__AVAILABLE DATA__
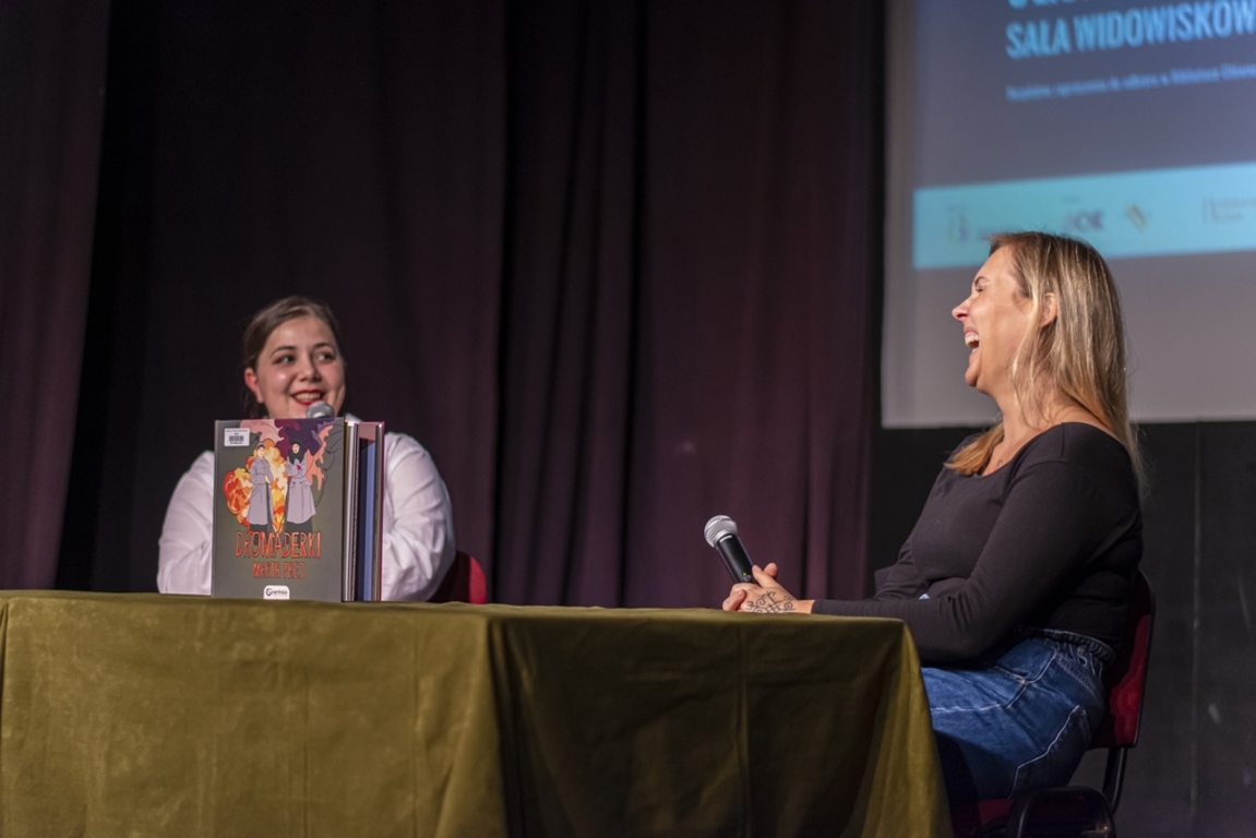aangażowana twórczość Frej pięknie wybrzmiała za sprawą osobistej historii jej drogi twórczej. Było nie tylko szczerze ale także optymistycznie i inspirująco. Frej, niczym bohaterki jej komiksu, sprawiła, że uczestnicy spotkania poczuli się zmotywowani do kobiecej solidarności i sprawczości. Rozmowę poprowadziła Katarzyna Mikołajczewska-Modrzejewska, w gościnnych progach Miejskiego Ośrodka Kultury w Gnieźnie.
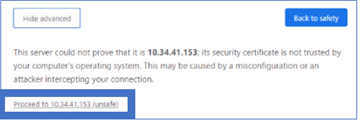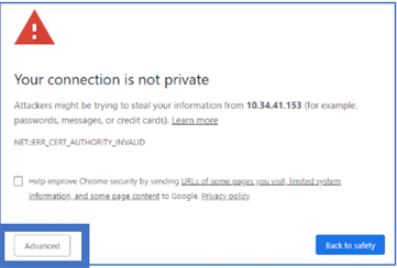 NOTE: If prompted with not private connection, select Advanced and Proceed to IP address
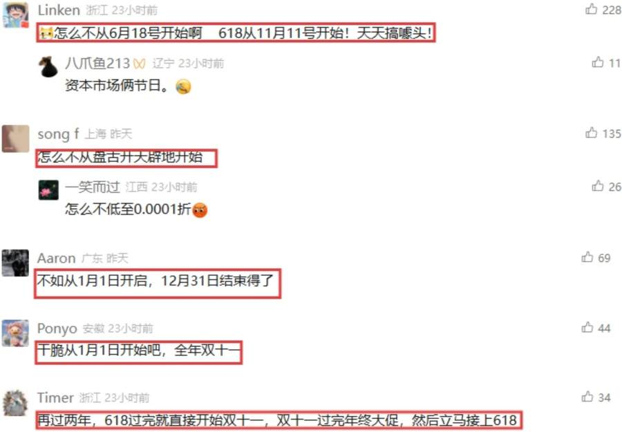 “怎么不从6月18日开始,618从11月11日开始!天天搞噱头!”“怎么不从盘古开天辟地开始。”
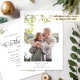 Freuen Sie sich auf diese elegante Hochzeitseinladung mit wunderschönen Eukalyptus-Grünflächen in Aquarellen und prächtigen, modernen handschriftlichen Kalligrafiedetails. Möglichkeit, ein Bild auf der Rückseite und ein paar Hochzeitsdetails hinzuzufügen, oder, um alle löschen und die Rückseite leer verlassen, indem Sie "Bearbeiten mit dem Design-Tool" (befindet sich am Ende der Vorlage Textfelder und löschen Sie das Bild aus dem Editor Bildschirm. Minimales, aber elegantes Design, Teil unserer Kollektion "Minimal and Graceful Eucalyptus Wedding" mit einer Vielzahl von Produkten zur Koordination, inklusive Einsteckkarten und RSVP Karten für den Fall, dass Sie die Rückseite leer verlassen und Gehäuse-Karten hinzufügen möchten.

__WORK REQUEST__
Once the line containing "NOTE: If prompted" has been found, write out exactly that line and each one after it through the end of the data, leaving out every picture.

__FINISHED EXERCISE__
 NOTE: If prompted with not private connection, select Advanced and Proceed to IP address
 “怎么不从6月18日开始,618从11月11日开始!天天搞噱头!”“怎么不从盘古开天辟地开始。”
 Freuen Sie sich auf diese elegante Hochzeitseinladung mit wunderschönen Eukalyptus-Grünflächen in Aquarellen und prächtigen, modernen handschriftlichen Kalligrafiedetails. Möglichkeit, ein Bild auf der Rückseite und ein paar Hochzeitsdetails hinzuzufügen, oder, um alle löschen und die Rückseite leer verlassen, indem Sie "Bearbeiten mit dem Design-Tool" (befindet sich am Ende der Vorlage Textfelder und löschen Sie das Bild aus dem Editor Bildschirm. Minimales, aber elegantes Design, Teil unserer Kollektion "Minimal and Graceful Eucalyptus Wedding" mit einer Vielzahl von Produkten zur Koordination, inklusive Einsteckkarten und RSVP Karten für den Fall, dass Sie die Rückseite leer verlassen und Gehäuse-Karten hinzufügen möchten.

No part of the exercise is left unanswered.